Thursday, November 21, 2013

Girls & Women Just Wanna Be Engineers

It's been thrilling for me to work with several young women this semester who are applying to college to become engineers. I thought of them when I watched this video and read this article in the New York Times. Take a read. Have a look at the delightful video when you click on the NYT link


"Who said girls want to dress in pink and play with dolls, especially when they could be building Rube Goldberg machines instead?
"That is the message of a video that has gone viral since it was posted on YouTube this week — an ad for GoldieBlox, a start-up toy company that sells games and books to encourage girls to become engineers.
"In the video, three girls are bored watching princesses in pink on TV. So they grab a tool kit, goggles and a hard hat and set to work building a Rube Goldberg machine that sends pink teacups and baby dolls flying through the house, using umbrellas, ladders and, of course, GoldieBlox toys." READ MORE-WATCH THE VIDEO

Saturday, November 9, 2013

Tweeting & FB Posts Might Mess with Your College Chances....

If you have any kind of on-line presence and you're applying to college, read this piece in The New York Times, "They Loved Your GPA. Then They Saw Your Tweets."  Here are some highlights:
"In an effort to help high school students avoid self-sabotage online, guidance counselors are tutoring them in scrubbing their digital identities.
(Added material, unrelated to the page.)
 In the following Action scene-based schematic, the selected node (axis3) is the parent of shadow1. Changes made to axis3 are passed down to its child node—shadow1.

At Brookline High School in Massachusetts, juniors are taught to delete alcohol-related posts or photographs and to create socially acceptable email addresses. One junior’s original email address was “bleedingjesus,” said Lenny Libenzon, the school’s guidance department chairman. That changed.
“They imagine admissions officers are old professors,” he said. “But we tell them a lot of admissions officers are very young and technology-savvy.”
"Likewise, high school students seem to be growing more shrewd, changing their searchable names on Facebook or untagging themselves in pictures to obscure their digital footprints during the college admission process.
“We know that some students maintain two Facebook accounts,” says Wes K. Waggoner, the dean of undergraduate admission at Southern Methodist University in Dallas." READ MORE 

Tuesday, November 5, 2013

"Positive helicoptering" or the Twilight Zone?
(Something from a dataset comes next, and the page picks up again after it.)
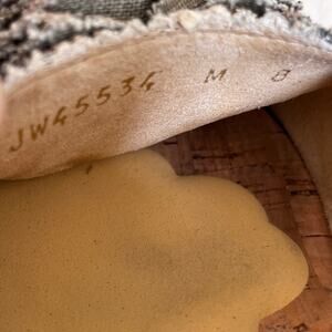 Animal print woven textile in the shape of a flower. Cork wrapped shoe. Half wedge style heel approximately 4”. Platform 0.5”. Anti slip pad on shoe, I couldn’t wear them without. Preowned, in great condition with minimal signs of wear on soles.

Just when you thought it was time to leave home and be on your own, colleges - and parents - are finding new ways to keep parents in the loop. Some say it's using parents as cheap labor, to promote the colleges. One says it's "positive helicoptering." A shrink says it's a bad idea. An educator says it's a way to keep up a school's prestige. Your thoughts? From the New York Times article on Nov. 1.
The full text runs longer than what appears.